Health Care Reform: What's in It for Patients?
Health policy experts say consumers may not enjoy lower health care costs.
May 12, 2009— -- On the same day that insurance companies, hospitals, doctors' groups and other so-called stakeholders in the United States health care system met with President Obama to discuss reforms, 64-year-old Patty Keen of Delaware was adjusting her schedule to attend the rehearsal for her grandson's confirmation.
Some would argue that Keen, too, is a stakeholder in the U.S. health care system. Keen formerly enjoyed a career in real estate. But her battle with ovarian cancer, which began in 2006, coincided with the beginnings of the real estate slowdown -- and was complicated by her not being able to get health insurance through her employer.
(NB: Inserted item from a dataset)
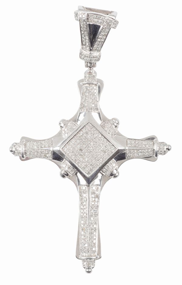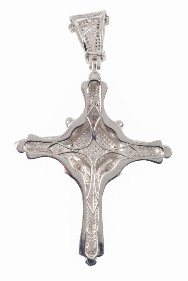 A 9CT WHITE GOLD AND DIAMOND SET CROSS PENDANT

Even when she was healthy, Keen had paid $450 per month to keep her private health insurance. When she fell ill, the costs of chemotherapy and prescription co-pays of up to $300 per month for each medication she needed drove her into further financial trouble. For a while, she could no longer work. In 2008, she declared bankruptcy and was forced to take a second job in order to obtain health insurance she could afford.
Today, Keen said, she considers herself an ovarian cancer survivor. But her battle on two fronts -- one against the deadly illness, the other against escalating health care costs -- left her without the home she had worked her life to buy and with bad credit.
"I basically lost everything I had to bankruptcy, because of all that had happened to me," she said. "When I couldn't work, I really couldn't pay [my insurance] -- that's what put me behind."
On the national scale, stories like Keen's are just one symptom of a health care system in crisis. But while the country's health care leaders pledged Monday to reduce the annual growth of health spending by 1.5 percentage points -- which they say will save $2 trillion in 10 years -- some health policy experts say that it is unlikely that Americans will see any of this money returning to their own pocketbooks, despite the crippling health care costs that some face.
The skepticism comes amid high hopes by others that consumers could see some relief within the next few years from crushing medical costs that, for some, have led to personal bankruptcy and other grim financial consequences.
Karen Davis, president of the health care foundation the Commonwealth Fund, said the public would likely share the trillions of dollars saved by the year 2019.